Goal of the exercise:
Take the lines below from the one with "A few pages" through the one with "This small cabinet/sideboard, dating" and print only them, exactly. Don't print the pictures.

Dataset excerpts:
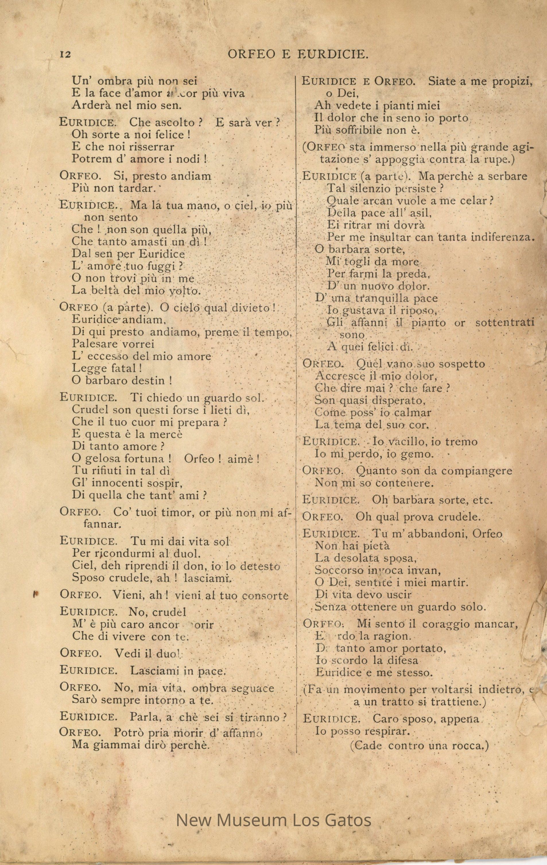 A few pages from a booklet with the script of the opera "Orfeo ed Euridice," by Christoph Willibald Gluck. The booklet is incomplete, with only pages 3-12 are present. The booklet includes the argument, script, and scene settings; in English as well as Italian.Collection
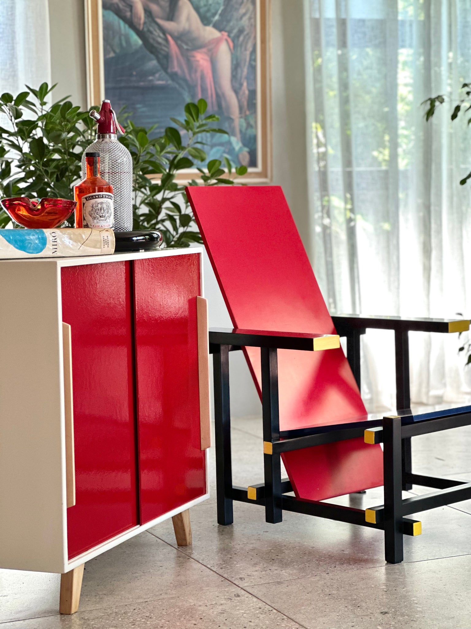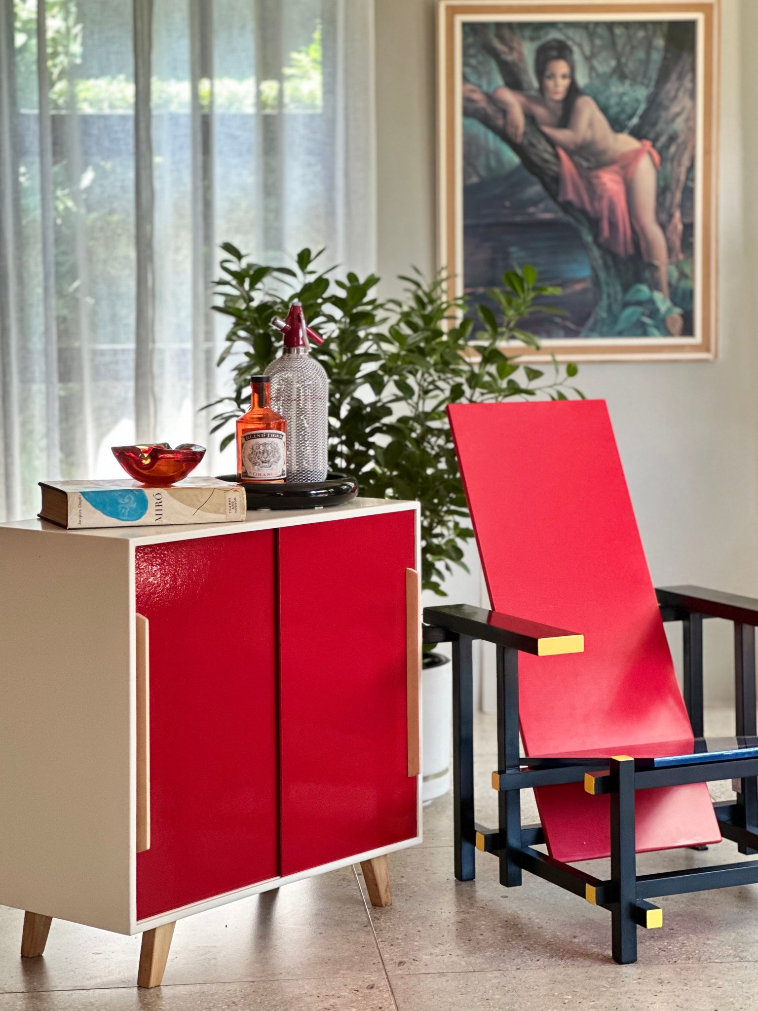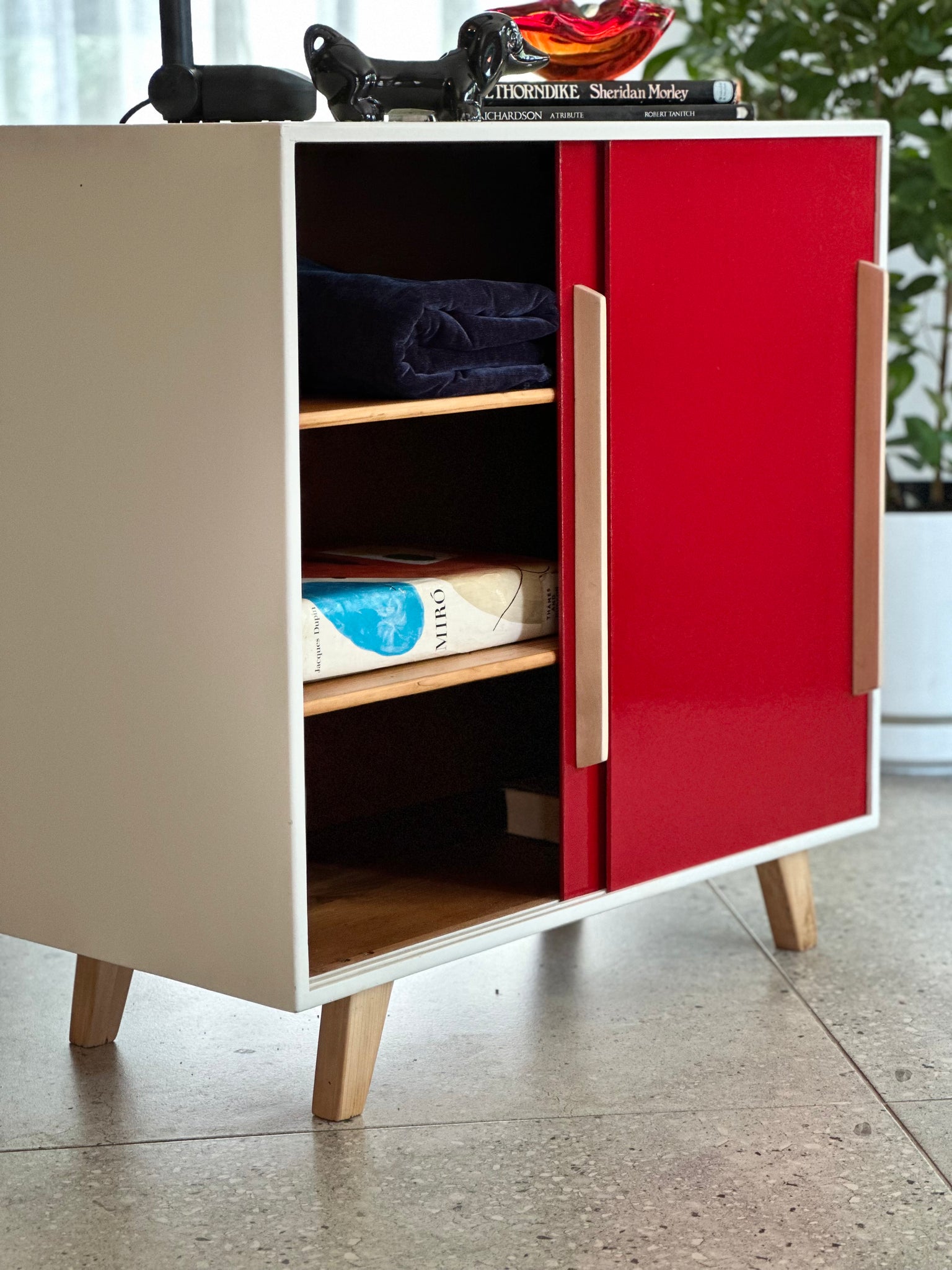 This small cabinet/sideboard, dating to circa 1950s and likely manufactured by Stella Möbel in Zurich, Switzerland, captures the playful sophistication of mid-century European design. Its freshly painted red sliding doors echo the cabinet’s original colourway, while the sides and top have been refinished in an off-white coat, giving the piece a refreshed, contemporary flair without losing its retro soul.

--

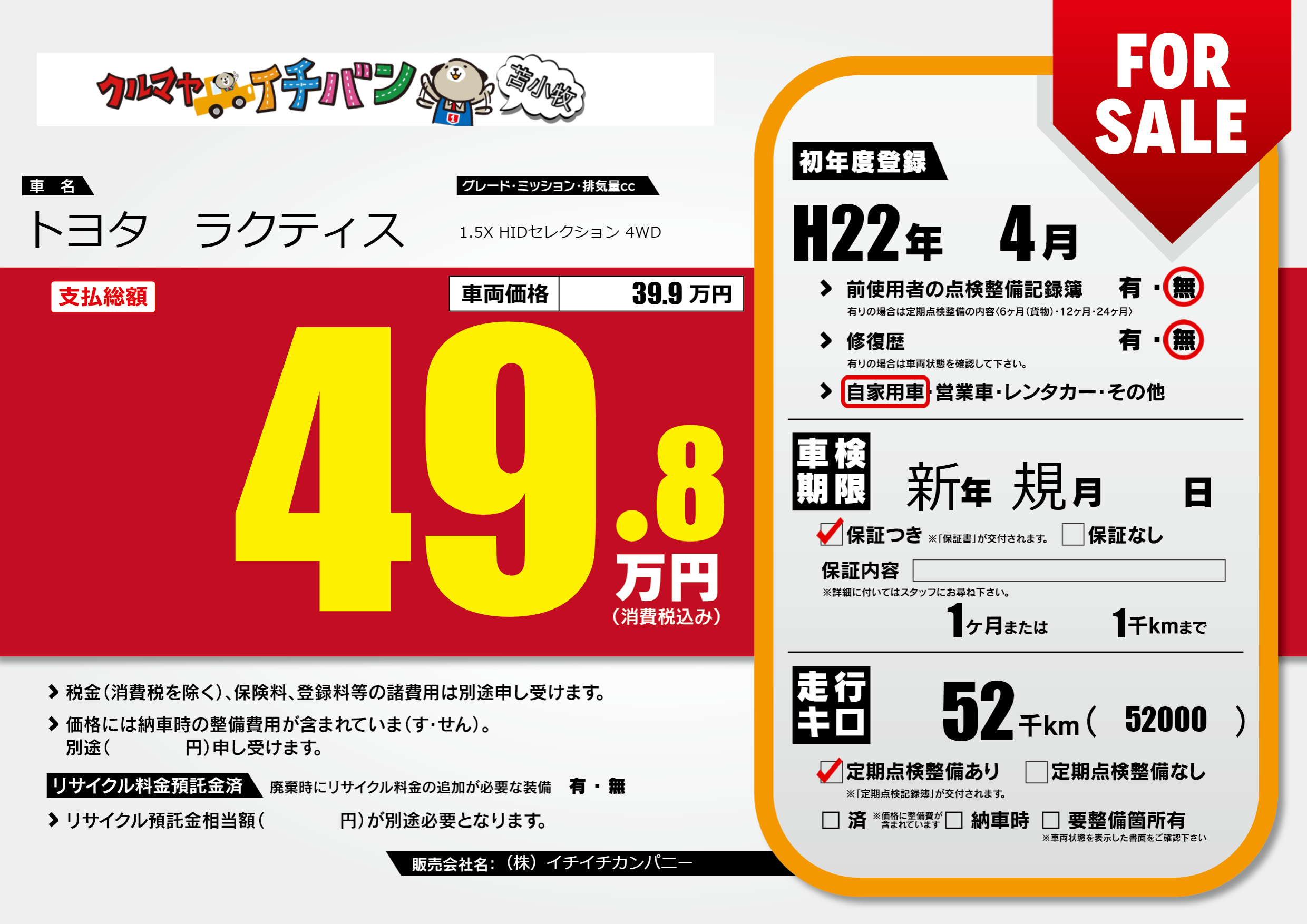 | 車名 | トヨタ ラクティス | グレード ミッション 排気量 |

The completed task:
 A few pages from a booklet with the script of the opera "Orfeo ed Euridice," by Christoph Willibald Gluck. The booklet is incomplete, with only pages 3-12 are present. The booklet includes the argument, script, and scene settings; in English as well as Italian.Collection
 This small cabinet/sideboard, dating to circa 1950s and likely manufactured by Stella Möbel in Zurich, Switzerland, captures the playful sophistication of mid-century European design. Its freshly painted red sliding doors echo the cabinet’s original colourway, while the sides and top have been refinished in an off-white coat, giving the piece a refreshed, contemporary flair without losing its retro soul.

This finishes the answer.